• RECORDS FOR THE TASK:
════════════════

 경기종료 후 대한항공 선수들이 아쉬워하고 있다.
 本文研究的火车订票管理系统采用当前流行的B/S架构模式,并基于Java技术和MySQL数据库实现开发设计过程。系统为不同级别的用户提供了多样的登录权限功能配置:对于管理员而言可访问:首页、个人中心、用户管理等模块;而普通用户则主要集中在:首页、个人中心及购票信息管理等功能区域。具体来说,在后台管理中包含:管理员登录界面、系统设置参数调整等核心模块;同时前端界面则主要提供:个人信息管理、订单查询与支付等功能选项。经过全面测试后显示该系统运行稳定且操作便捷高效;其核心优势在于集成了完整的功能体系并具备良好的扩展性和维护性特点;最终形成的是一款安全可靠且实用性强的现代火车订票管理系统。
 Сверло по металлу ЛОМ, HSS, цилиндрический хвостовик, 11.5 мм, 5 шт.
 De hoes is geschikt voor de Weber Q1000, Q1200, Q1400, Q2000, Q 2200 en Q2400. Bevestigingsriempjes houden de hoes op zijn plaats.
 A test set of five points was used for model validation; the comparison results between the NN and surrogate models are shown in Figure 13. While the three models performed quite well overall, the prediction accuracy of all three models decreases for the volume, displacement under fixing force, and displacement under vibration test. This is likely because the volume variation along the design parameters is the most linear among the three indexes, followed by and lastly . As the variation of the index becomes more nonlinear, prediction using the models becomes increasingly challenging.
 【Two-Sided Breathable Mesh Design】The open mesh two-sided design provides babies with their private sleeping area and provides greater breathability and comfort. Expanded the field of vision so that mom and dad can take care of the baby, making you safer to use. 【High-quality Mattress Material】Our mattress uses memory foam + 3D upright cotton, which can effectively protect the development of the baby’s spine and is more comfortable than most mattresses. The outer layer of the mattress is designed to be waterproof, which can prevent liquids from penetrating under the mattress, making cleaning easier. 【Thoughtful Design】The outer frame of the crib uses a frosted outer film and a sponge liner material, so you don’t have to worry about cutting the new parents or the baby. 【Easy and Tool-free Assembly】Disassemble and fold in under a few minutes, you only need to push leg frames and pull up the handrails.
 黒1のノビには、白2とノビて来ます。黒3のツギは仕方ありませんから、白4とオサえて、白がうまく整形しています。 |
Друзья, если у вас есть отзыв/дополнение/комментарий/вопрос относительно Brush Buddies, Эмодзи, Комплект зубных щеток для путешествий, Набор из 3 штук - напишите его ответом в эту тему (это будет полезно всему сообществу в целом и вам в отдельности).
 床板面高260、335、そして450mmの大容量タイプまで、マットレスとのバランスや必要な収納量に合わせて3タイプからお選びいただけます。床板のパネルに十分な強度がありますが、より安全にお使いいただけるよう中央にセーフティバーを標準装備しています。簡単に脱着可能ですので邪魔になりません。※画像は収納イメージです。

════════════════

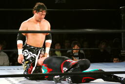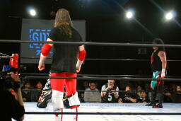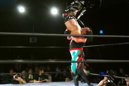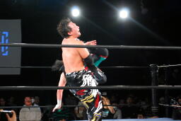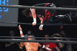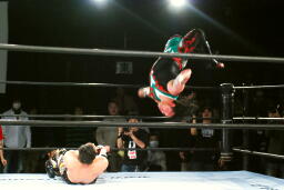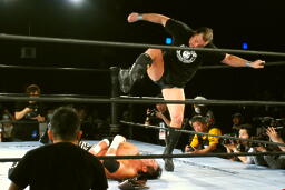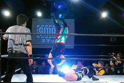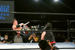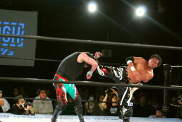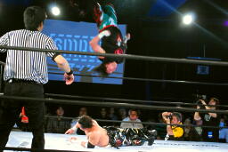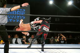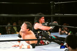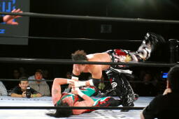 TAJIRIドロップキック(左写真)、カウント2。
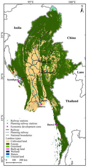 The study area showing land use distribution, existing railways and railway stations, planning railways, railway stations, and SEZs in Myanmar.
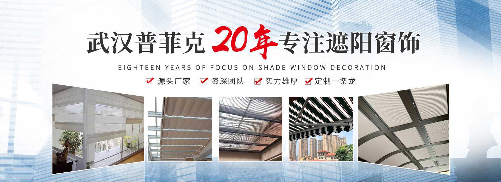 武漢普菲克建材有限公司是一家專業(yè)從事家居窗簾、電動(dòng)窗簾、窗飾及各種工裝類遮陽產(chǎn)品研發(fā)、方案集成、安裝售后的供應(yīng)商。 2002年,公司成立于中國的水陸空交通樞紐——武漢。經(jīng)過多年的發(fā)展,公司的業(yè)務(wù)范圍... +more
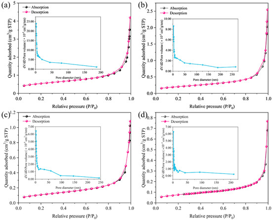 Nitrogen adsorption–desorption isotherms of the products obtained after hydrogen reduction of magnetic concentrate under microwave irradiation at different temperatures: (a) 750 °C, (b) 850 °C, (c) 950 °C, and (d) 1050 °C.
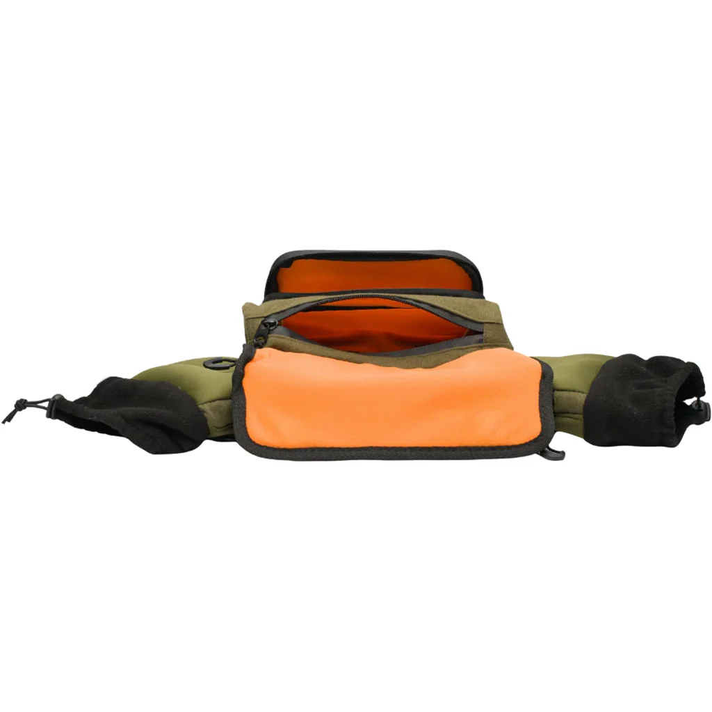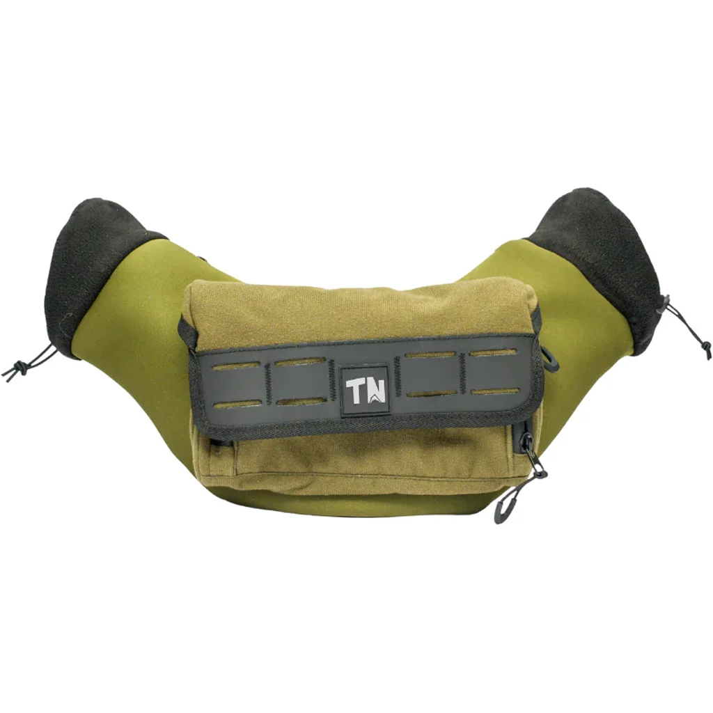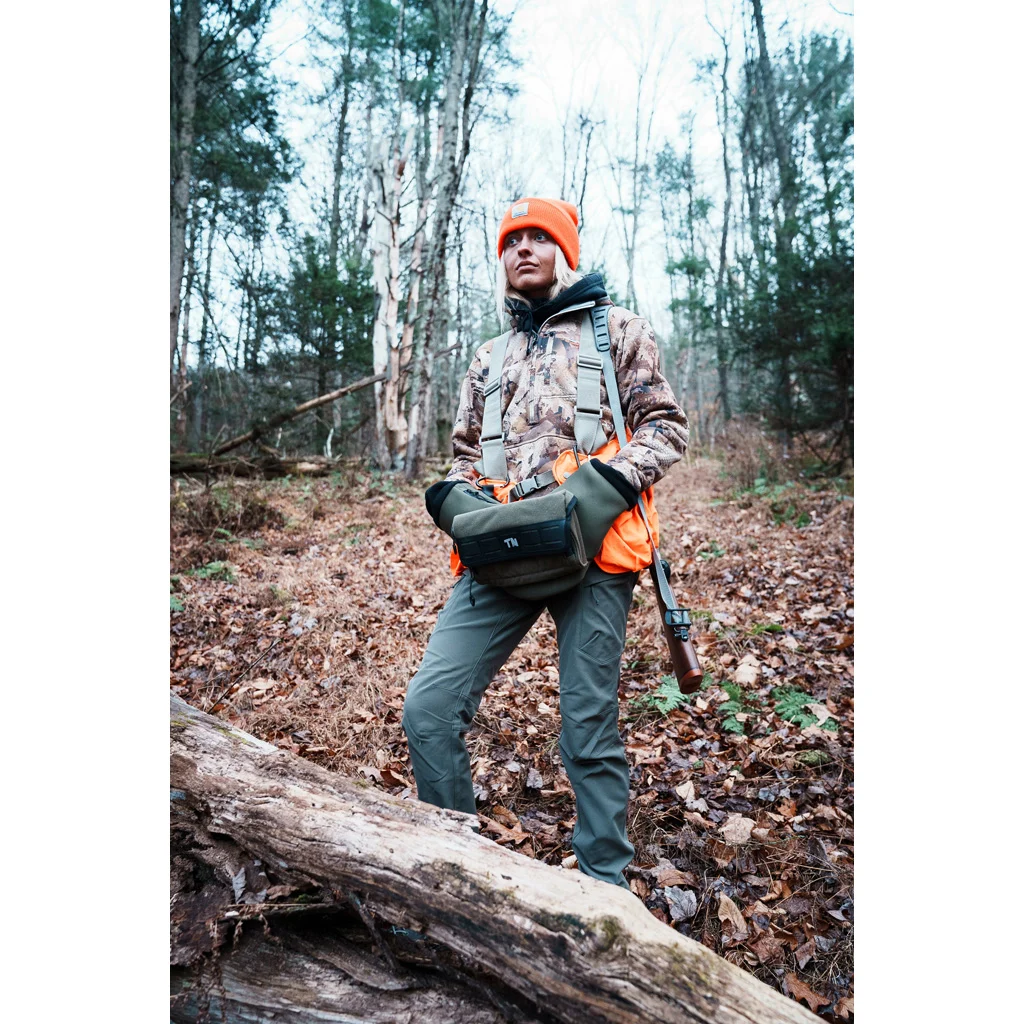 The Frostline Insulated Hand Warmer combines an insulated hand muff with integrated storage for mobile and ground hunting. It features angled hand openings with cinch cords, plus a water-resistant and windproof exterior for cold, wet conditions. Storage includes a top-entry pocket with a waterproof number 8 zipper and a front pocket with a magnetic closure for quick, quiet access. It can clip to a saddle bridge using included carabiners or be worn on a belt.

════════════════

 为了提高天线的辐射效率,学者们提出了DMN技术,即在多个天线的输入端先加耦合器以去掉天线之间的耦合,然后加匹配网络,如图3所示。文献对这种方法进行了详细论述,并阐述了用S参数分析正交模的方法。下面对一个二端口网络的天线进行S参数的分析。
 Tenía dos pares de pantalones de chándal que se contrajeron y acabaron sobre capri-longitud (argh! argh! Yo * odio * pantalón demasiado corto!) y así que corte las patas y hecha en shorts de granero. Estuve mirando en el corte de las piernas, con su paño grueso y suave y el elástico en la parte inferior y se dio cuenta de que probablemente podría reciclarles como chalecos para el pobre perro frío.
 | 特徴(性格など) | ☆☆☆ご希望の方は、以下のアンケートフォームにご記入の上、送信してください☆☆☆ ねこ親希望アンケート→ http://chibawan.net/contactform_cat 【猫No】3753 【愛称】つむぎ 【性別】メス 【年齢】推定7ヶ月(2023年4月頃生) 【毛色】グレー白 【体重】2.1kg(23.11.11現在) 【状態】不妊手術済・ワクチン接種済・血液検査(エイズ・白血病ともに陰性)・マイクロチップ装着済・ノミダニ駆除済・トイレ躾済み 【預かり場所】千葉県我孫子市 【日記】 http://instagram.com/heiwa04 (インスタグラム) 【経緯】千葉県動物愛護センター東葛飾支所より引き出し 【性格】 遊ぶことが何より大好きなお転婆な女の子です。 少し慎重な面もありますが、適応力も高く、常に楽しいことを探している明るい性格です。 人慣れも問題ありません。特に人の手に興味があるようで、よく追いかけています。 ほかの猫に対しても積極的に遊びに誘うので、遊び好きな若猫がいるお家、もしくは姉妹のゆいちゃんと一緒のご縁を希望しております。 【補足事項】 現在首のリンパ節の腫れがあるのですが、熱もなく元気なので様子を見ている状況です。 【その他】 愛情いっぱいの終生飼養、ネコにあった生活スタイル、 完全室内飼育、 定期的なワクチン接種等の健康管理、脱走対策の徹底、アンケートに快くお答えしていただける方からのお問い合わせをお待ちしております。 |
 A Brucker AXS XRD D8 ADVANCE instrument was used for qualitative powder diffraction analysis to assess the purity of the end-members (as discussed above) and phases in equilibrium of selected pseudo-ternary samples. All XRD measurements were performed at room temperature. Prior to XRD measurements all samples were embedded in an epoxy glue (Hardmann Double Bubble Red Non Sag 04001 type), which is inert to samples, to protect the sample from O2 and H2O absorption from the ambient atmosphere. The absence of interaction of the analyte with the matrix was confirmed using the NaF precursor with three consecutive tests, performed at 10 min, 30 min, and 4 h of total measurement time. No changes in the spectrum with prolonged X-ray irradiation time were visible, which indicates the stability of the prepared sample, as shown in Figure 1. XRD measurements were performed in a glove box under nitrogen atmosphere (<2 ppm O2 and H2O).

════════════════

• REQUIRED ACTION:
In the material above, locate the line containing "Tenía dos pares" and the line containing "A Brucker AXS". Transcribe exactly those two lines and every line between them, and nothing more.

• PROBLEM SOLUTION:
 Tenía dos pares de pantalones de chándal que se contrajeron y acabaron sobre capri-longitud (argh! argh! Yo * odio * pantalón demasiado corto!) y así que corte las patas y hecha en shorts de granero. Estuve mirando en el corte de las piernas, con su paño grueso y suave y el elástico en la parte inferior y se dio cuenta de que probablemente podría reciclarles como chalecos para el pobre perro frío.
 | 特徴(性格など) | ☆☆☆ご希望の方は、以下のアンケートフォームにご記入の上、送信してください☆☆☆ ねこ親希望アンケート→ http://chibawan.net/contactform_cat 【猫No】3753 【愛称】つむぎ 【性別】メス 【年齢】推定7ヶ月(2023年4月頃生) 【毛色】グレー白 【体重】2.1kg(23.11.11現在) 【状態】不妊手術済・ワクチン接種済・血液検査(エイズ・白血病ともに陰性)・マイクロチップ装着済・ノミダニ駆除済・トイレ躾済み 【預かり場所】千葉県我孫子市 【日記】 http://instagram.com/heiwa04 (インスタグラム) 【経緯】千葉県動物愛護センター東葛飾支所より引き出し 【性格】 遊ぶことが何より大好きなお転婆な女の子です。 少し慎重な面もありますが、適応力も高く、常に楽しいことを探している明るい性格です。 人慣れも問題ありません。特に人の手に興味があるようで、よく追いかけています。 ほかの猫に対しても積極的に遊びに誘うので、遊び好きな若猫がいるお家、もしくは姉妹のゆいちゃんと一緒のご縁を希望しております。 【補足事項】 現在首のリンパ節の腫れがあるのですが、熱もなく元気なので様子を見ている状況です。 【その他】 愛情いっぱいの終生飼養、ネコにあった生活スタイル、 完全室内飼育、 定期的なワクチン接種等の健康管理、脱走対策の徹底、アンケートに快くお答えしていただける方からのお問い合わせをお待ちしております。 |
 A Brucker AXS XRD D8 ADVANCE instrument was used for qualitative powder diffraction analysis to assess the purity of the end-members (as discussed above) and phases in equilibrium of selected pseudo-ternary samples. All XRD measurements were performed at room temperature. Prior to XRD measurements all samples were embedded in an epoxy glue (Hardmann Double Bubble Red Non Sag 04001 type), which is inert to samples, to protect the sample from O2 and H2O absorption from the ambient atmosphere. The absence of interaction of the analyte with the matrix was confirmed using the NaF precursor with three consecutive tests, performed at 10 min, 30 min, and 4 h of total measurement time. No changes in the spectrum with prolonged X-ray irradiation time were visible, which indicates the stability of the prepared sample, as shown in Figure 1. XRD measurements were performed in a glove box under nitrogen atmosphere (<2 ppm O2 and H2O).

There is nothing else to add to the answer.